In linea di principio, anche le prestazioni comportanti un facere ripetuto nel tempo o continuativo non restano escluse dall’ambito di operatività del contratto a progetto, purché sussista la condizione negativa indicata dal primo comma del citato art. 61 (“indipendentemente dal tempo impiegato per l’esecuzione della attività lavorativa”), vale a dire l’irrilevanza del tempo impiegato dal lavoratore per l’adempimento, indice rivelatore del carattere effettivamente autonomo (e non subordinato) della prestazione.

La condizione di autonomia del lavoratore è, quindi, incompatibile con il potere del datore di lavoro di conformare in termini di tempo la sua prestazione, se non nei ristretti limiti in cui la previsione di cadenze temporali di svolgimento dell’attività lavorativa non comprometta l’autonomia del prestatore.

La predeterminazione della durata della prestazione lavorativa, in altre parole, costituisce un tratto tipico del rapporto di lavoro subordinato che esclude in radice la condizione di autonomia del lavoratore e, in conseguenza, la configurabilità di un rapporto di lavoro “a progetto”, soprattutto nei casi in cui si riscontri la fissazione di un più o meno rigido orario di lavoro da parte del committente.

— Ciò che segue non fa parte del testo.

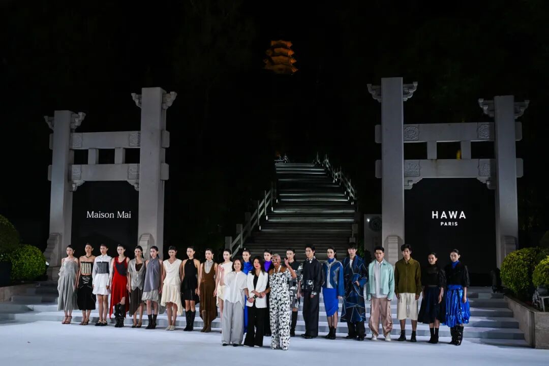 ![]() 一方面,国际对话带来巴黎塞纳河畔的浪漫剪裁与解构主义。Perspectives Croisées中法时尚 交汇视角,中国设计师品牌Maison Mai与法国设计师品牌HAWA Paris 共同呈现了一场东西方时尚的对话——设计师李媚媚,携其品牌Maison Mai回归故乡,将闽南传统建筑的浪脊檐⻆、海浪的流动曲线与燕尾脊的飞扬弧度解构为极具东方意境的肩线与廓形,不张扬却有力;HAWA Paris 始终扎根于巴黎本土工坊,以最纯粹的高级定制精神打造当代服装,坚持将传统⼯艺与现代设计语⾔相融合,呈现法式时尚独特的温度与灵魂。

Quanto affermato trova conferma nei contenuti della circolare del Ministero del lavoro e della previdenza sociale n. 17 del 14 giugno 2006, nella quale si precisa, tra l’altro, che “il collaboratore a progetto … può essere considerato autonomo alla condizione essenziale che il collaboratore stesso possa unilateralmente e discrezionalmente determinare … la quantità di prestazione da eseguire e la collocazione temporale della stessa”.

Nel caso in esame, le parti non hanno particolarmente approfondito la tematica inerente le modalità temporali di prestazione del servizio da parte degli operatori, ma il complesso delle disposizioni della legge di gara e i chiarimenti forniti dalla stessa A.S.L. mettono in luce un’organizzazione del servizio secondo una ben definita articolazione temporale, al fine di garantire completa copertura degli orari di sportello predefiniti, che non può prescindere dalla fissazione di un orario di lavoro degli operatori e dall’impossibilità per gli stessi di autodeterminare il proprio ritmo di lavoro.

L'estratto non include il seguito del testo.